‘Dear Edward’ builds a story of resilience around a fatal plane crash
Review by Brian Lowry, CNN
Finding drama and resilience in the seeds of tragedy, “Dear Edward” is a sensitively done series that never fully recovers from its challenging premise, built as it is around a 12-year-old boy who’s the lone survivor of a plane crash, and the lingering impact on those who knew the dead. Intended to be uplifting, the Apple TV+ show is too much of a bummer to wholly recommend boarding this flight.
Adapted by Jason Katims (“Friday Night Lights”) from the novel by Ann Napolitano, the series builds up toward the crash in the premiere, and over the subsequent episodes features a vast assortment of characters, each connected to someone on the ill-fated plane.

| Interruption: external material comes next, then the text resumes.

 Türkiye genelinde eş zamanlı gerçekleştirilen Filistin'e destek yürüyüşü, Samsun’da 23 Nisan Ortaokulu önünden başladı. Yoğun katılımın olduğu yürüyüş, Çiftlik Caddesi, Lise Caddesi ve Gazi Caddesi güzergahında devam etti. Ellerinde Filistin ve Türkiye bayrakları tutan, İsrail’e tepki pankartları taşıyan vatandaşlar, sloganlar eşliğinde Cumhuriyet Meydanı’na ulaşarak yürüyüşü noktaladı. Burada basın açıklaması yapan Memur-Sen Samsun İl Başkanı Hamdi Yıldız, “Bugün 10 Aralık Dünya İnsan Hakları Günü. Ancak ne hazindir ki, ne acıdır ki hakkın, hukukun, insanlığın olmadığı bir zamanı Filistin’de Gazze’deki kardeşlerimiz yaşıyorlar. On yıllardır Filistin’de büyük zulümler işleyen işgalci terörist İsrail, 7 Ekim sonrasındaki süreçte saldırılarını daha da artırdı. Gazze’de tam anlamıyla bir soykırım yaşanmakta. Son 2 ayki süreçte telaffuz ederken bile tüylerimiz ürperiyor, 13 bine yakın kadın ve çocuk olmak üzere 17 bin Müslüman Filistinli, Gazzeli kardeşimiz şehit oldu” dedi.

As for Edward (Colin O’Brien), he’s dubbed “the miracle boy,” but has to endure the grief of having lost his whole family while moving in with his aunt Lacey (“Orange is the New Black’s” Taylor Schilling), who had a complicated relationship with her sister, Edward’s mom.

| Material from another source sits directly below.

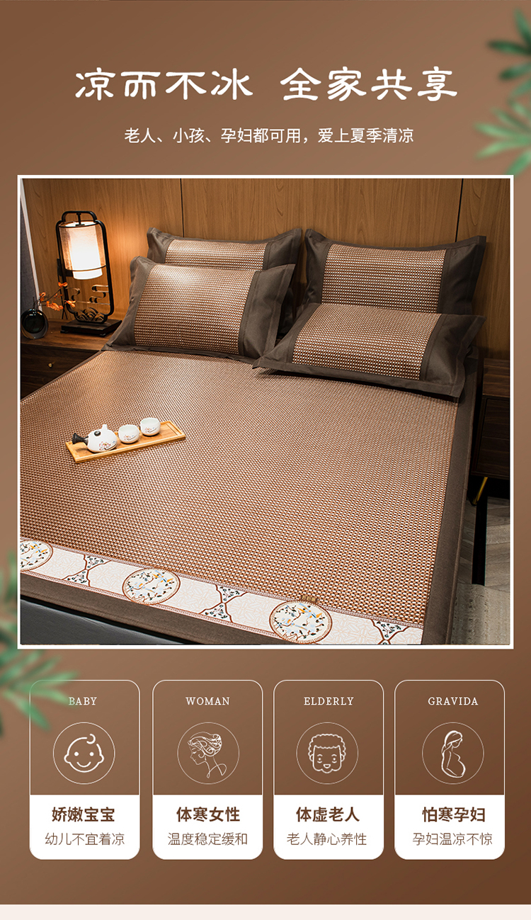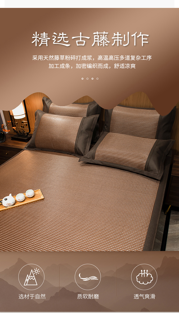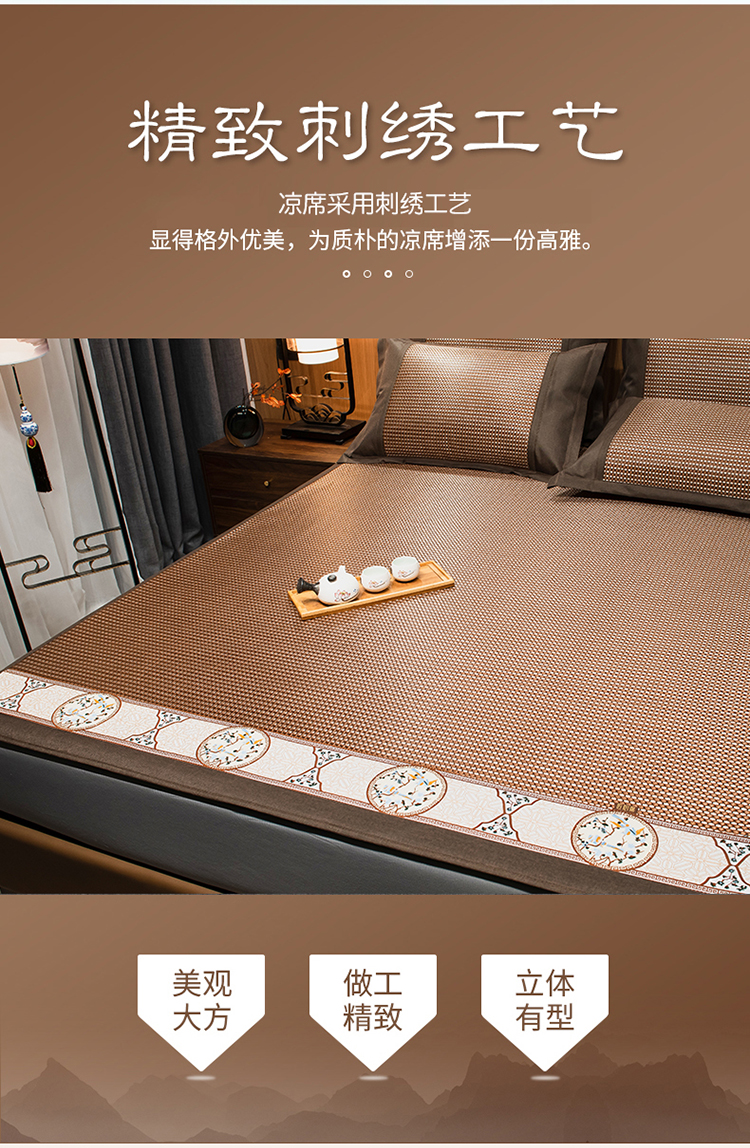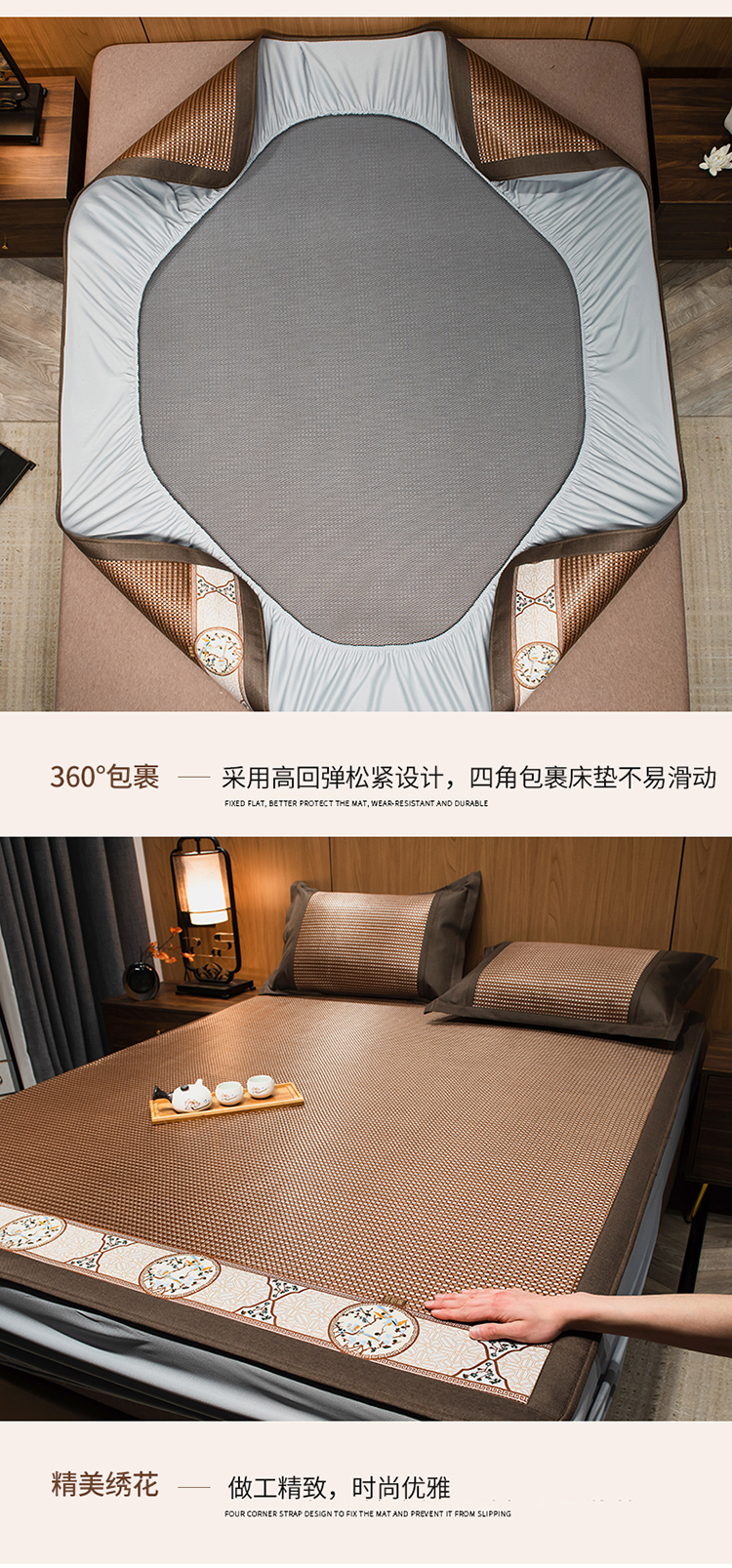 商品名称:全季家居 2023新款A类中国风织带冰藤席床笠款 古韵咖

Edward finds some solace from hanging out with a neighbor girl, Shay (Eva Ariel Binder), and still regularly engages with and receives advice from his late older brother (Maxwell Jenkins), a device that feels vaguely off-putting as employed.
The crash, meanwhile, produces multiple ongoing storylines, including Dee Dee (Connie Britton, in a “Friday Night Lights” reunion), who discovers hard truths about her late husband’s secret life and surprising financial state; Adriana (Anna Uzele), who grapples with whether to pursue her late grandmother’s congressional seat; and Steve (Ivan Shaw), who, in mourning his estranged brother, begins interacting with his fiancée, Amanda (Brittany S. Hall).
That barely scratches the surface of the assorted subplots, which come together and intersect via a support group for the survivors, but it offers a sense of the way “Dear Edward” explores how people can forge unexpected bonds as they grapple with such a shattering event.
The performances are generally first rate, and so is the writing, such as Edward saying, “I don’t know who I am,” to which Shay quietly responds, “Join the club.”
Grief on a lesser scale has served as the backdrop for a number of recent series, including the Apple comedy “Shrinking.” The subject matter is emotional — how could it not be? — but there’s an uneven nature here to the various and abundant storylines, some of which begin to feel repetitive even over the course of this first season in their mix of guilt and sadness and painful secrets.
It’s possible, in other words, to see “Dear Edward” as being meticulously executed and occasionally quite affecting, and still come away feeling as if it’s simply not worth the effort. With apologies to that aforementioned Katims series, it’s an instance where a series with admirable intentions — graced with clear eyes and full hearts — actually can lose.
“Dear Edward” premieres February 3 on Apple TV+. (Disclosure: Lowry’s wife works for a unit of Apple.)